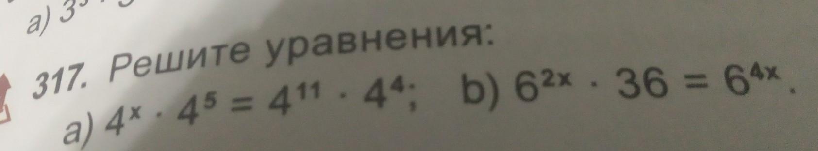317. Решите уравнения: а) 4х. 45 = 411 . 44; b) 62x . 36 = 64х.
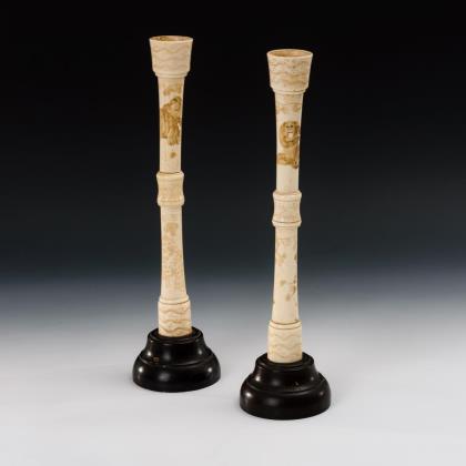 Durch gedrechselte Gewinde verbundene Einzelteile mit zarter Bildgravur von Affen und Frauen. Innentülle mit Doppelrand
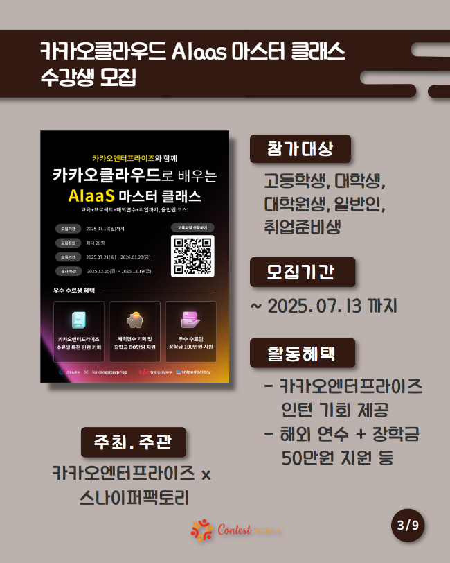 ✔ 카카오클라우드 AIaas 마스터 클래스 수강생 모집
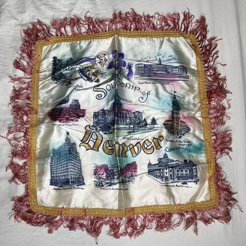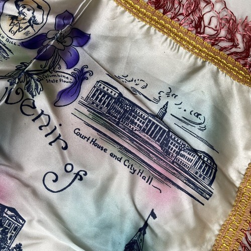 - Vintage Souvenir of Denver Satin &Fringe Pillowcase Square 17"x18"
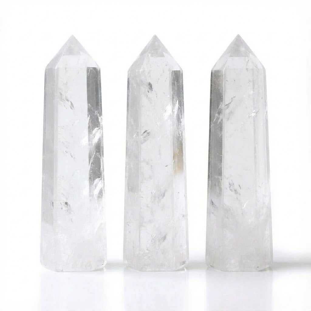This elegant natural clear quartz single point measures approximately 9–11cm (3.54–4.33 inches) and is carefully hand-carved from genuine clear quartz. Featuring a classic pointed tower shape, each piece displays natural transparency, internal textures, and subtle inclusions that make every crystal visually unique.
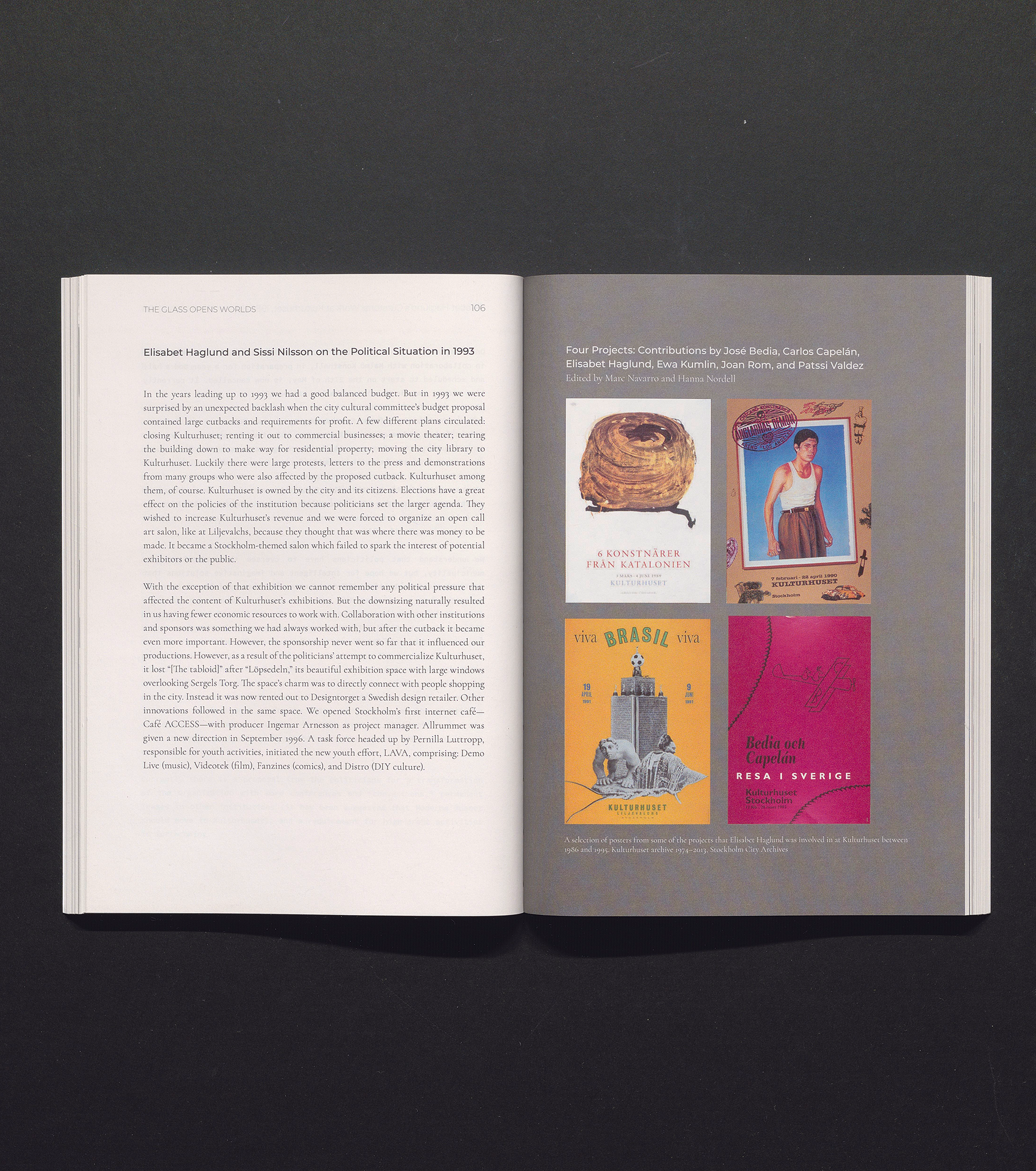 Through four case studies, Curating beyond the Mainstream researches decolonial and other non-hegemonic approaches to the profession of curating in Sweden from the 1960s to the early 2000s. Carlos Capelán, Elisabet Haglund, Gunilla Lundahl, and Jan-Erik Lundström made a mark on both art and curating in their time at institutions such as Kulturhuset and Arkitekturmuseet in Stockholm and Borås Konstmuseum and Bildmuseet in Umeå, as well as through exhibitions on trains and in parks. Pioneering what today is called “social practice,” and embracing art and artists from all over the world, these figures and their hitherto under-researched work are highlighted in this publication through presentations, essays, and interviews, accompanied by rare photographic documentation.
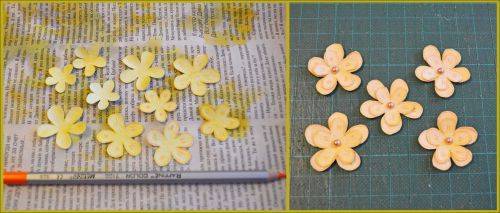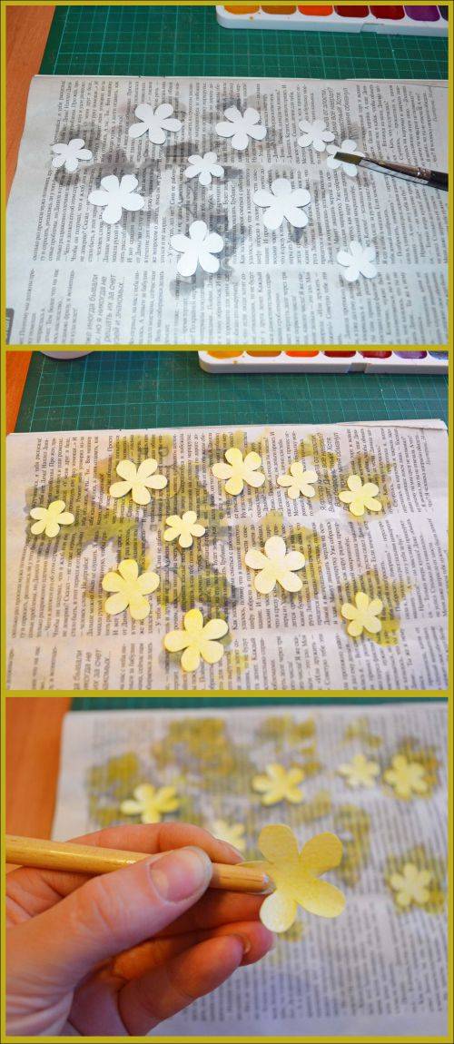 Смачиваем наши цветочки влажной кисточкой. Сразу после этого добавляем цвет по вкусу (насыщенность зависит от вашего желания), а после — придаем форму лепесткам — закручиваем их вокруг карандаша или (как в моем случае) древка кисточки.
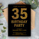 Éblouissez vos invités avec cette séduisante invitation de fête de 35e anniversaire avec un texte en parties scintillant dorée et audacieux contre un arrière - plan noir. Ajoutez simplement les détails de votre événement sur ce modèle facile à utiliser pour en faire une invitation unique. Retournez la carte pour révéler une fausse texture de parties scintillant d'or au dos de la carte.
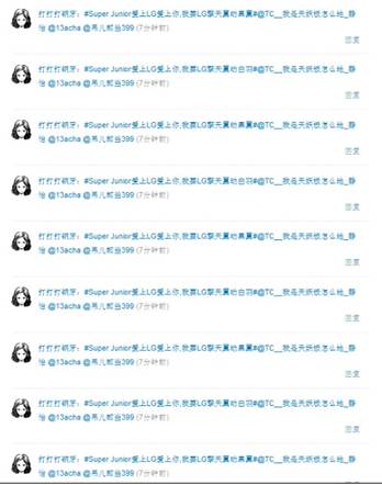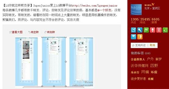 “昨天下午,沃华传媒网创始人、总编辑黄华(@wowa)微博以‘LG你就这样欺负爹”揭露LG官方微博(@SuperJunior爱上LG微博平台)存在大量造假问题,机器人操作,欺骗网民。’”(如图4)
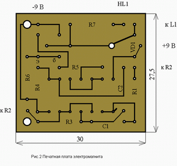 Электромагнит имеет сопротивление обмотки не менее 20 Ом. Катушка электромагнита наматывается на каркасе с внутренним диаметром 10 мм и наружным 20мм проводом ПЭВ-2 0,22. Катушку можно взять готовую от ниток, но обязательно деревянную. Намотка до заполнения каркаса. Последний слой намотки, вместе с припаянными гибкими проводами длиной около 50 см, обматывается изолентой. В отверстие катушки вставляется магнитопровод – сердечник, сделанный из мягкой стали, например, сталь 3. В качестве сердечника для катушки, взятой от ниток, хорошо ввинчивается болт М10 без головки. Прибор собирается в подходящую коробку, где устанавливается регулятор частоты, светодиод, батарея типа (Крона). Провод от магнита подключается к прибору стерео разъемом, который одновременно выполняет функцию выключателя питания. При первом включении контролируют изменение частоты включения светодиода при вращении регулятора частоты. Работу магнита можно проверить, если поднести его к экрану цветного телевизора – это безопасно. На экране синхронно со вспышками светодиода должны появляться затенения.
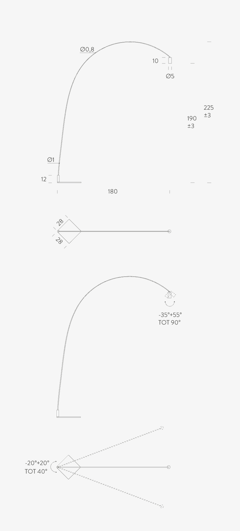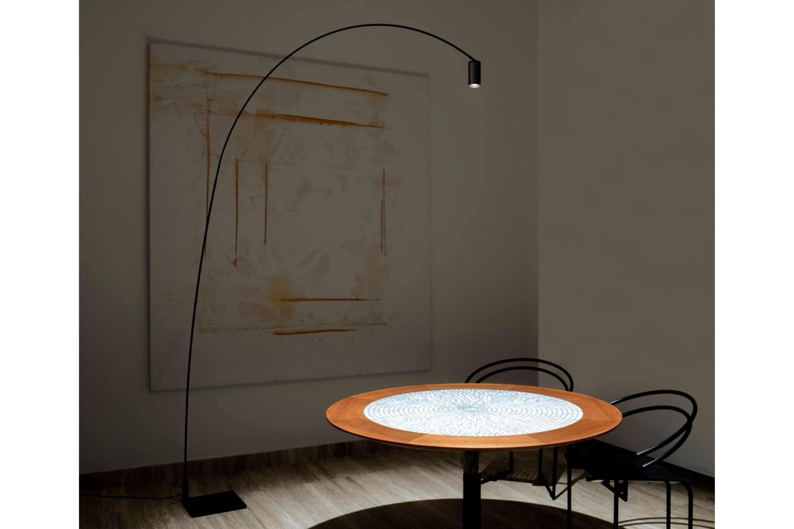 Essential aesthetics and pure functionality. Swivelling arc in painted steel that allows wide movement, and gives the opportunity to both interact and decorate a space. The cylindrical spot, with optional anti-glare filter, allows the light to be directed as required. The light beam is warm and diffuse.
◇ ◇ ◇ ◇ ◇ ◇ ◇
Word for word, repeat the material above and drop the pictures.

317. Решите уравнения: а) 4х. 45 = 411 . 44; b) 62x . 36 = 64х.
 Durch gedrechselte Gewinde verbundene Einzelteile mit zarter Bildgravur von Affen und Frauen. Innentülle mit Doppelrand
 ✔ 카카오클라우드 AIaas 마스터 클래스 수강생 모집
 - Vintage Souvenir of Denver Satin &Fringe Pillowcase Square 17"x18"
This elegant natural clear quartz single point measures approximately 9–11cm (3.54–4.33 inches) and is carefully hand-carved from genuine clear quartz. Featuring a classic pointed tower shape, each piece displays natural transparency, internal textures, and subtle inclusions that make every crystal visually unique.
 Through four case studies, Curating beyond the Mainstream researches decolonial and other non-hegemonic approaches to the profession of curating in Sweden from the 1960s to the early 2000s. Carlos Capelán, Elisabet Haglund, Gunilla Lundahl, and Jan-Erik Lundström made a mark on both art and curating in their time at institutions such as Kulturhuset and Arkitekturmuseet in Stockholm and Borås Konstmuseum and Bildmuseet in Umeå, as well as through exhibitions on trains and in parks. Pioneering what today is called “social practice,” and embracing art and artists from all over the world, these figures and their hitherto under-researched work are highlighted in this publication through presentations, essays, and interviews, accompanied by rare photographic documentation.
 Смачиваем наши цветочки влажной кисточкой. Сразу после этого добавляем цвет по вкусу (насыщенность зависит от вашего желания), а после — придаем форму лепесткам — закручиваем их вокруг карандаша или (как в моем случае) древка кисточки.
 Éblouissez vos invités avec cette séduisante invitation de fête de 35e anniversaire avec un texte en parties scintillant dorée et audacieux contre un arrière - plan noir. Ajoutez simplement les détails de votre événement sur ce modèle facile à utiliser pour en faire une invitation unique. Retournez la carte pour révéler une fausse texture de parties scintillant d'or au dos de la carte.
 “昨天下午,沃华传媒网创始人、总编辑黄华(@wowa)微博以‘LG你就这样欺负爹”揭露LG官方微博(@SuperJunior爱上LG微博平台)存在大量造假问题,机器人操作,欺骗网民。’”(如图4)
 Электромагнит имеет сопротивление обмотки не менее 20 Ом. Катушка электромагнита наматывается на каркасе с внутренним диаметром 10 мм и наружным 20мм проводом ПЭВ-2 0,22. Катушку можно взять готовую от ниток, но обязательно деревянную. Намотка до заполнения каркаса. Последний слой намотки, вместе с припаянными гибкими проводами длиной около 50 см, обматывается изолентой. В отверстие катушки вставляется магнитопровод – сердечник, сделанный из мягкой стали, например, сталь 3. В качестве сердечника для катушки, взятой от ниток, хорошо ввинчивается болт М10 без головки. Прибор собирается в подходящую коробку, где устанавливается регулятор частоты, светодиод, батарея типа (Крона). Провод от магнита подключается к прибору стерео разъемом, который одновременно выполняет функцию выключателя питания. При первом включении контролируют изменение частоты включения светодиода при вращении регулятора частоты. Работу магнита можно проверить, если поднести его к экрану цветного телевизора – это безопасно. На экране синхронно со вспышками светодиода должны появляться затенения.
 Essential aesthetics and pure functionality. Swivelling arc in painted steel that allows wide movement, and gives the opportunity to both interact and decorate a space. The cylindrical spot, with optional anti-glare filter, allows the light to be directed as required. The light beam is warm and diffuse.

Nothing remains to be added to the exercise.